# Can you tell which strain you are smoking ?



## nicougrik (May 29, 2016)

I like that there is so much variety in strains, but if I gave you a blind test. would you be able to tell me what strain you are smoking if someone gave you a joint of a specific strain ? 
sounds like a good youtube video to do lol.


----------



## 18B (May 30, 2016)

I could if it is something I had been growing....I used to have about 50 clone only elite cuts...I lost them all in a raid by the police....but I am back at it with all the seeds from the strains I made...of them....yes I am familiar enough I could tell....I am smoking my AlienYeti now and have my Yeti F5's just ready and jarred up now of which they all lean to the Underdawg pheno...very distinguishable.


----------



## Lucky Luke (Jun 3, 2016)

I could tell you if im smoking my own stuff but not any others.


----------



## larsthegrower (Jun 7, 2016)

If you throw some durban poison in a joint; I'd be able to tell you that it's good ol' durban.
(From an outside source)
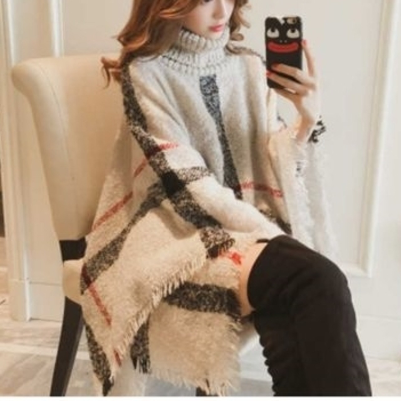 ブラウスからTシャツまでレイヤードスタイルにぴったりのポンチョ風ニット。

But its the only strain thats been consistent through my daily endeavors.

Lars


----------



## A.K.A. Overgrowem (Jun 7, 2016)

Grew Afghan Kush for awhile. def. could pick it out of a lineup.


----------



## racerboy71 (Jun 7, 2016)

i would be able to tell you if something were say an og kush, or a haze, or say sour d, chemdawg, or something i've grown and am familiar with..
but if it's not something i've grown or one of the above that imo are pretty easy to tell apart, i think i'd be hard pressed to know what it was..
last summer me and a friend were drinking outside of the social distortion concert, and my friend will talk to anyone who stands still long enough.. long story short, he starts talking to these guys who were out there selling t shirts, and of course bud comes up.. one guy runs over to his audi r8 and grabs a satchel and opens it up, i smell the one bud, and said it smells like chemdawg.. it was a chem x, and he was pretty impressed...


----------



## Kcbscrogger (Jun 7, 2016)

I'm usually too stoned to know what I'm smoking!


----------



## SPLFreak808 (Jun 7, 2016)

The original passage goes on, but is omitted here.